# 02 - Kernel methods and SVMs
** APSTA - Ecole Centrale Nantes **

** Diana Mateus **



PARTICIPANTS: **(Fill in your names)**

In [None]:

import matplotlib.pyplot as plt
import pandas
import numpy as np
import os

## 1. Kernel Ridge Regression


Ridge regression is an extension to ordinary least squares by adding a regularization
term to the loss function. It is defined as
\begin{equation}
\min_{\mathbf{w}} \sum_{i=1}^n (y_i -  \mathbf{x}_i^T \mathbf{w} )^2
+ \lambda \lVert \mathbf{w} \rVert_2^2 ,
\end{equation}
where the value of $\lambda > 0$ determines the amount of regularization. In this exercise we will rely on the derivation of Support Vector Machines to extend Ridge regression with the ```Kernel Trick```

**a.** Replace $\mathbf{w}$ with $\sum_{i=1}^n \alpha_i \mathbf{x}_i$



**b.** As in support vector machines, we can use the Kernel trick to make ridge regression
non-linear and at the same time avoid explicitly transforming features. Specify $k(\mathbf{x}, \mathbf{x}^\prime) = \phi(\mathbf{x})^T\phi(\mathbf{x}^\prime)$, to derive the objective function of Kernel Ridge Regression.

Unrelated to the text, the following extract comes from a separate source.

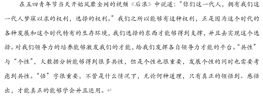 第一部分,杨老师强调了开展生涯规划的意义。在现在这个时代,人们拥有更多选择的权力,而生涯规划就是我们对生命走向的选择。做好生涯规划,对于人生的发展十分重要。作为18级的学生骨干,同学们本身具有领导力的效应。如何培养出具有领导力的学生干部,发挥出自身的领导力才能,是我们需要思考的一个问题。

**c.** Derive the the solution for the $\alpha$ 




**d.** How would you use the result to make a new prediction?



**e.** What are the main similarities and differences of KRR with the classification SVM derived in class?




## 2. Wine quality prediction 

The wine quality dataset comes from the UCI Machine Learning Repository http://archive.ics.uci.edu/ml/index.php, and contains measurements and opinions for different variants of red and white wine. The goal of this part of the exercise  is to build a model capable to _predict the quality of a wine from the measurements_.

To this end, implement your own version of Kernel Ridge Regresssion and compare it with the in-built SVR function from sklearn

**a.** Run the ```Load and process``` block bellow to load the dataset into the ``wines_backup.csv`` file


In [None]:
# a) Load and Process 
# Saves the result in a single file in order to avoid downloading many times.
# Shows the first 5 lines of the table

if not os.path.exists("wines_backup.csv"):
    # if not exist, we create wines.csv which combines red and white wines into a single file
    columns = ["facidity", "vacidity", "citric", "sugar", "chlorides", "fsulfur", 
               "tsulfur", "density", "pH", "sulphates", "alcohol", "quality"]
    red = pandas.read_csv("http://archive.ics.uci.edu/ml/machine-learning-databases/wine-quality/winequality-red.csv",
                         names=columns, sep=";", skiprows=1)
    white = pandas.read_csv("http://archive.ics.uci.edu/ml/machine-learning-databases/wine-quality/winequality-white.csv",
                         names=columns, sep=";", skiprows=1)
    red["color"] = "red"
    white["color"] = "white"
    wines = pandas.concat([white, red])
    wines.to_csv("wines_backup.csv", sep="\t", index=False)
else:
    wines = pandas.read_csv("wines_backup.csv", sep="\t")
    
wines.head(5)

**b. Split the dataset into train (80% of samples) and test (20% samples)**. Use the in-built sklearn function
```train_test_split```

``
X_train, X_test, y_train, y_test = train_test_split(X,y, test_size=.2,random_state=3)
``

In [None]:
#b) Data split

from sklearn.model_selection import train_test_split

#build the data matrix from a subset of the available variables in the cvs file
X = wines.as_matrix(["facidity", "vacidity", "citric", "sugar", "chlorides", "fsulfur", 
               "tsulfur", "density", "pH", "sulphates", "alcohol"])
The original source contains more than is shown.